Professional rodeo roper Brian
Tanner Adams, 21, of Queen Creek,
Arizona, was arrested on November 21 and
charged with attempted murder, suspicion of
kidnapping, reckless endangerment, resisting
arrest, and aggravated assault on a police officer,
for allegedly lassoing Jared Stark, 24,
around the neck, after losing a game of pool to
him, then chasing his car with a pickup truck,
eventually crashing into the car. Police said
Stark saved himself from decapitation by holding
the rope with both hands.
Former Maricopa County,
Arizona animal control officer Christopher
Stannard, 33, is charged with allegedly raping
at least two women by surreptitiously dosing
them first with potentially lethal amounts
of the animal paralytic ketamine. Police
believe there were other victims. Ketamine
has become subject of concern in similar cases
around the country; New York legislator
Owen Johnson recently proposed banning it.
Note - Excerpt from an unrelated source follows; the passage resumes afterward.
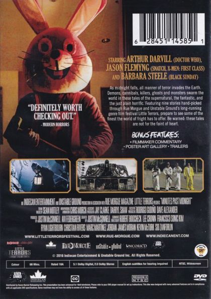 As midnight falls, all manner of terror invades the Earth. Demons, cannibals, killers, ghosts and monsters swarm the world in these tales of the supernatural, the fantastic, and the just plain horrific. Featuring nine stories hand-picked through Rue Morgue and Unstable Ground's long-running genre film festival Little Terrors, prepare to see some of the finest the world of fright has to offer. Be warned: these tales are not for the faint of heart.

Darrel J. Voeks, 46, of Siocton,
Wisconsin, on December 5 drew 10 years in
prison and 10 more on probation, on top of the
five years he’s already serving for parole violation,
and was ordered to pay restitution of
$90,000 to his former employer, pig farmer
Tom VanStraten, for having allegedly stolen
and sold more than 1,000 pigs. This was
Voeks’ third conviction of essentially the same
offense. Voeks told Outagamie County Circuit
Judge Dennis Luebke that he’d needed the
money to feed his family. Luebke reminded
him that prior testimony had established that
much of the money went to buy breast impants
for his favorite stripper, and a lot of the rest
went in tips to other strippers.
Sheriff’s deputies seeking evidence
in connection with the October 27 shooting
death of Larry Woodrow Smith, 17, of
Chiefland, Florida, found suspect Brad
Dixon, his grandmother Dorothea Trentwedel,
and his mother, Arlette Diamond, in a
garbage-strewn trailer home surrounded by
nearly 200 dead or starving animals, including
dogs, cats, and poultry. All three are now
charged with allegedly murdering Smith.
Former Long Island Pet Cemetery
owner Samuel Strauss, 75, of Boca Raton,
Florida, on December 6 drew three months in
jail, to be served at a West Palm Beach federal
halfway house, and a fine of $75,000 plus
$15,000 interest, for failing to pay an earlier
fine of $75,000 after he and his son Alan were
convicted in 1992 of 45 counts of mail fraud.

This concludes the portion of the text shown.